3. A number of disputes we see arise from what is, or is not, agreed in meetings during the implementation phase when the parties are seeking to resolve challenges. Often, those agreements are not properly recorded or not recorded at all, and do not follow change procedures set out in the contract. This gives rise to uncertainty, risk, and disputes, as this case illustrates. Agreed notes of meetings, and following contractual change procedures and governance structures are vital.

4. Linked to the point above, progress/status reports, agreed meeting minutes, software development / project management tools, and other project documentation and correspondence all form part of the ‘project narrative’, as to what has happened and who is at fault.
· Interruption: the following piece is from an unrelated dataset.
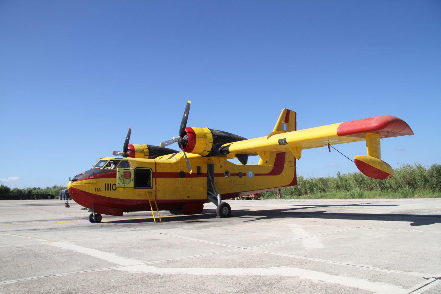 Από τα πιο «καινούργια» Canadair CL-415, ηλικίας 15 ετών (τα παραλάβαμε το 1999 και μέχρι και σήμερα είναι πιστοί σύμμαχοι στην μάχη της πυρόσβεσης στην επίγειες δυνάμεις της πυροσβεστικής), με δυνατότητα ρίψης 6 τόνων νερού, σε πτητική λειτουργία βρίσκονται πέντε από τα συνολικά 8 με τα περισσότερα από τα υπόλοιπα αεροπλάνα να βρίσκονται σε στάδιο συντήρησης και επισκευής.
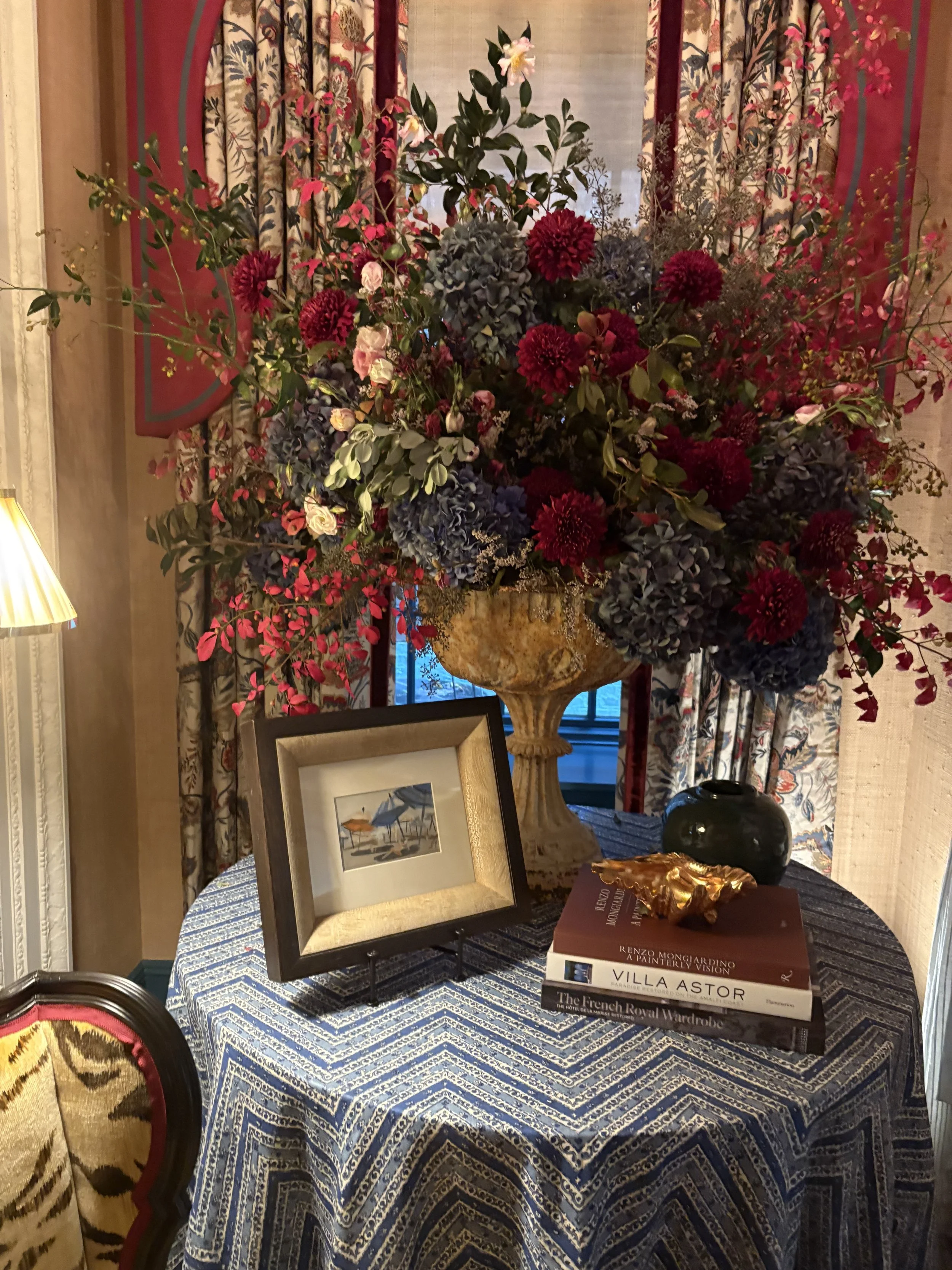 Plus, Thomas’s landing in the “ Painted Passage” is a rich tableau of fabrics and flowers. The Clarence House textiles silk velvet, and Zak and Fox - their Temari fabric is just the right mix of chic and fun, according to Thomas. Schumacher1889 and Cowtan and Tout created the window treatment fabrics.

It has great evidential value should a dispute occur. However, that narrative can receive disproportionately less attention day to day, creating issues and risk when disputes occur. Witness evidence, as to individuals’ recollection of events, has value, but understandably recollections can diminish the more time that elapses between the events and trial. This makes the contemporaneous documentary record all the more important.

5. Having to rely on a repudiatory breach at common law (as here) rather than a contractual right, introduces risk for the terminating party – a risk of wrongful termination and a claim for damages from the innocent party. Considering the exits and worst case scenarios at the time the contract is being negotiated can remove some of the risk later should the project run into difficulties.